All of the lines below need to be copied exactly, apart from the pictures.

> _Raw data_
------------
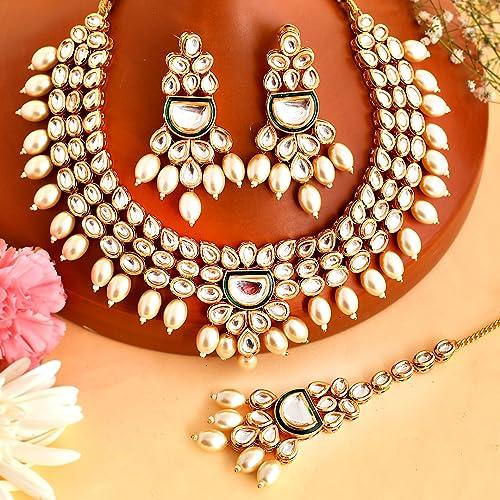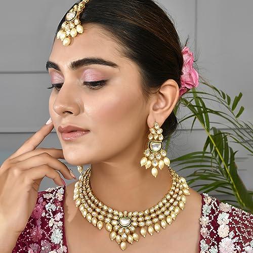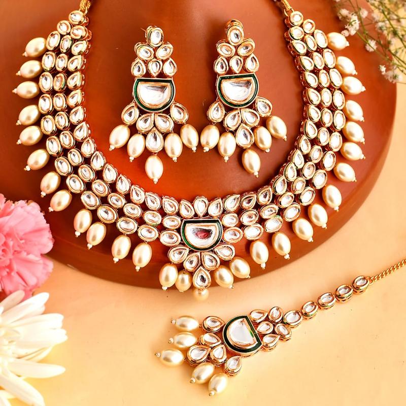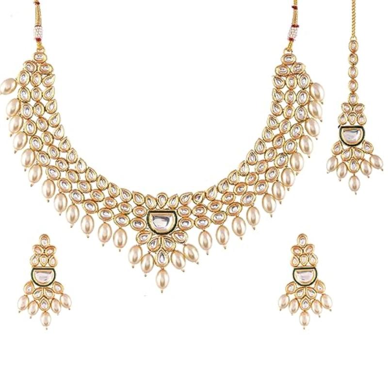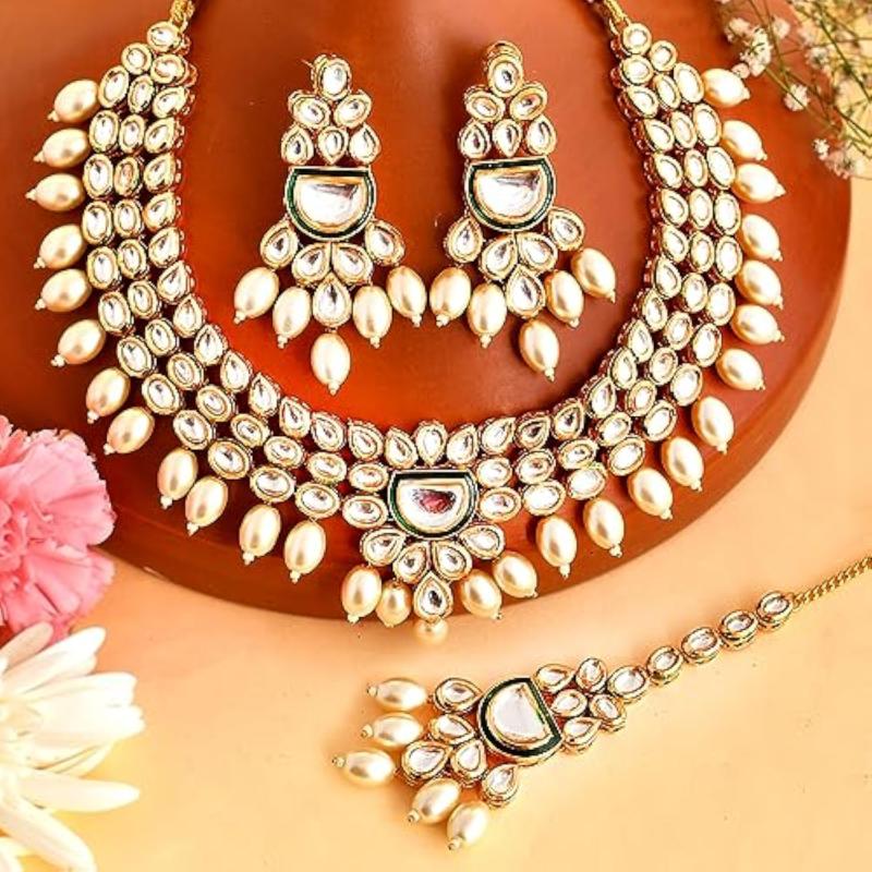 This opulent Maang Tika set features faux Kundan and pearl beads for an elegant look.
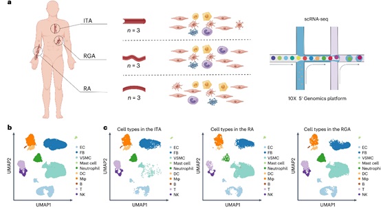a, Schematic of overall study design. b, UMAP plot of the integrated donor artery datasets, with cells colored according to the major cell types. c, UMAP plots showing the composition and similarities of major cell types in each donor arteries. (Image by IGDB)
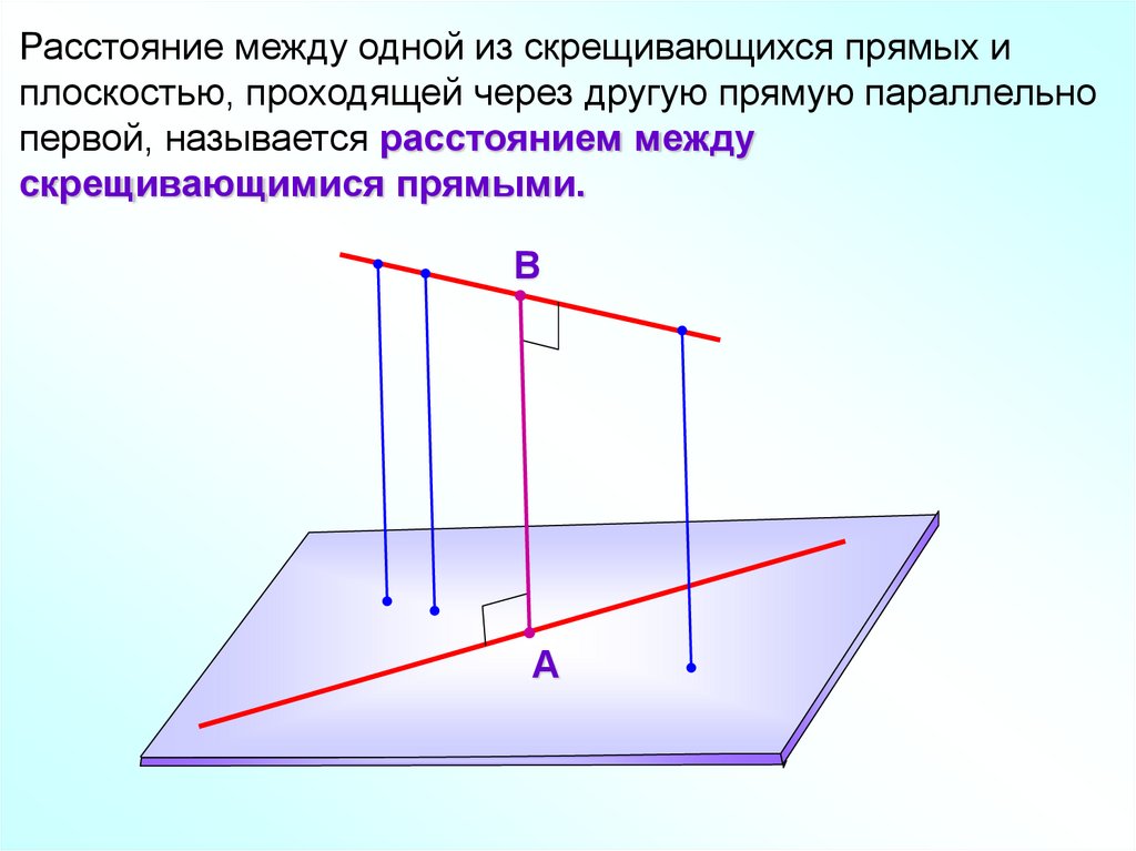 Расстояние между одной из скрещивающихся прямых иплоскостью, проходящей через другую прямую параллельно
------------
> _Solved exercise_
 This opulent Maang Tika set features faux Kundan and pearl beads for an elegant look.
a, Schematic of overall study design. b, UMAP plot of the integrated donor artery datasets, with cells colored according to the major cell types. c, UMAP plots showing the composition and similarities of major cell types in each donor arteries. (Image by IGDB)
 Расстояние между одной из скрещивающихся прямых иплоскостью, проходящей через другую прямую параллельно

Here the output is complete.